**TASK INSTRUCTIONS**: Apart from pictures, transcribe exactly each line from the one containing "(图)2020/21赛季欧洲杯落选精英裁判员执法场次" through the final line of the listing below.

**DATASET SECTION**:
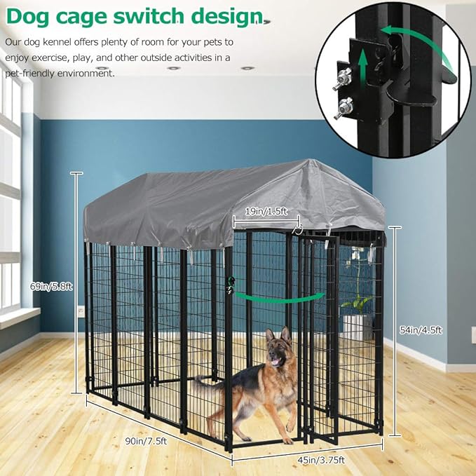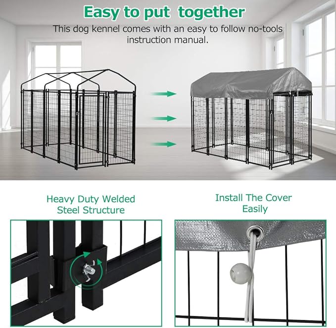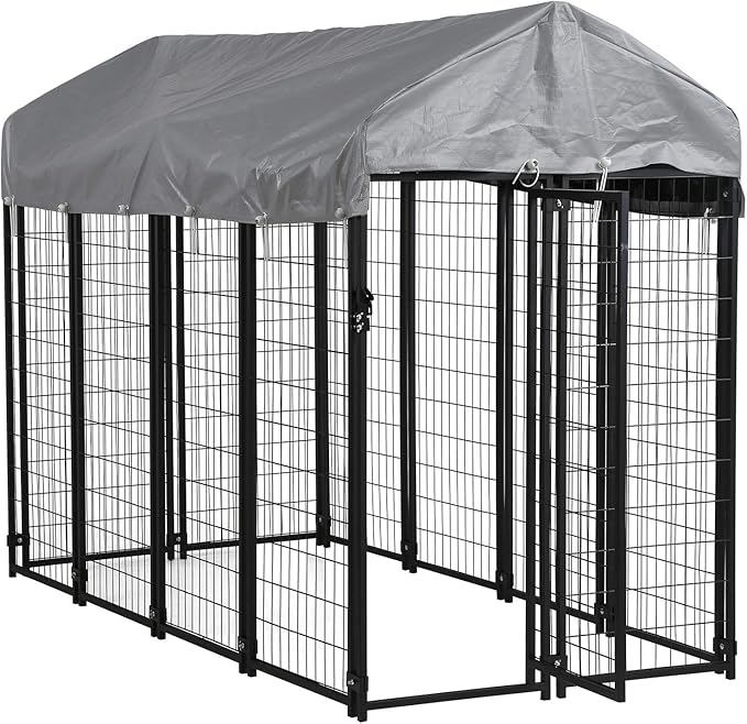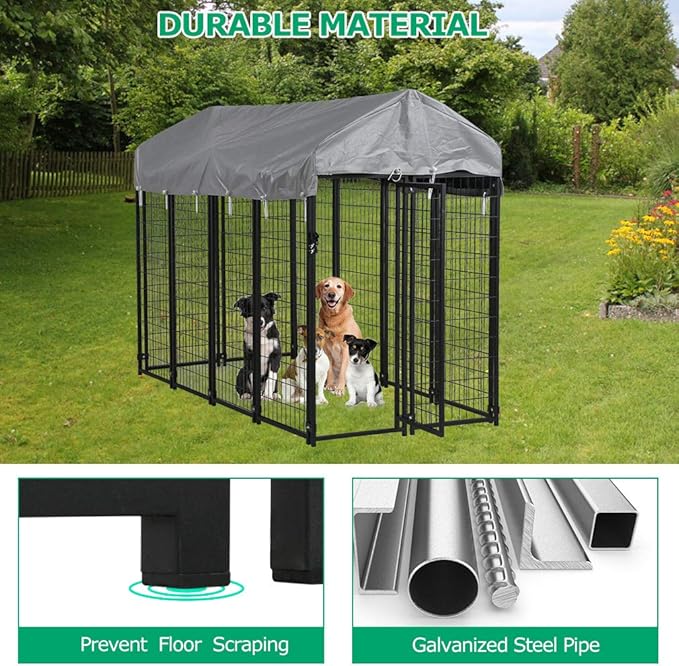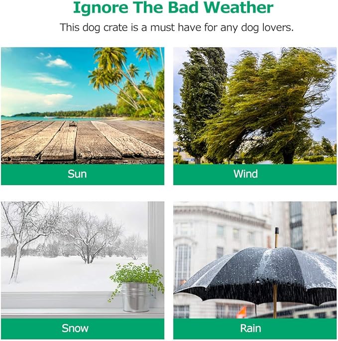 • 【WATERPROOF COVER INCLUDED】The waterproof cover of heavy duty dog crate and steel roof frame fit the outdoor dog cage perfectly and the enclosed ends provide your pet with full protection from sun, rain, snow and debris. Added UV protection prevents ripping, cracking, fading or peeling giving you years of worry-free use. The roof pitch of pet crate allows for water, debris and light snow to run off instead of accumulating on the roof. dog crate dog cage pet crate.
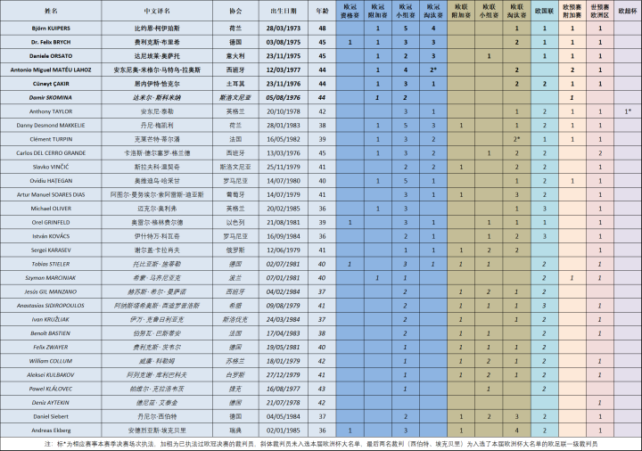 (图)2020/21赛季欧洲杯落选精英裁判员执法场次
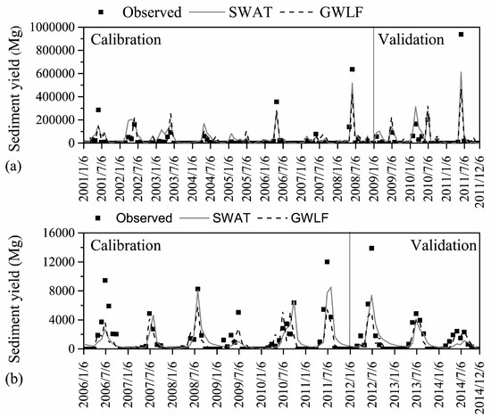 The similarity of the results of both models suggests that the difference between MUSLE and USLE is not apparent in simulating monthly sediment loads, which has previously been suggested [54]. The good representation and increased performance the SWAT model during calibration and validation periods may be attributed to the distributed property assessing spatial variations of the study sites. In Tunxi catchment, the consistent performance of GWLF was partially achieved due to its capability allowing sediment delivery ratio to be calibrated during different months. It simulated the peak values of sediment between April and July during calibration period reasonably, whereas it did not capture the peak values in February 2009 and March 2010 during validation periods. This indicates that the GWLF lacks adequate flexibility in case when evident difference exists between calibration and validation observed data, mainly due to its simple sediment parameters. Furthermore, errors of manual measurement and adaption of empirical calculating equation could also affect the performance of sediment in both models.

**SOLUTION**:
 (图)2020/21赛季欧洲杯落选精英裁判员执法场次
 The similarity of the results of both models suggests that the difference between MUSLE and USLE is not apparent in simulating monthly sediment loads, which has previously been suggested [54]. The good representation and increased performance the SWAT model during calibration and validation periods may be attributed to the distributed property assessing spatial variations of the study sites. In Tunxi catchment, the consistent performance of GWLF was partially achieved due to its capability allowing sediment delivery ratio to be calibrated during different months. It simulated the peak values of sediment between April and July during calibration period reasonably, whereas it did not capture the peak values in February 2009 and March 2010 during validation periods. This indicates that the GWLF lacks adequate flexibility in case when evident difference exists between calibration and validation observed data, mainly due to its simple sediment parameters. Furthermore, errors of manual measurement and adaption of empirical calculating equation could also affect the performance of sediment in both models.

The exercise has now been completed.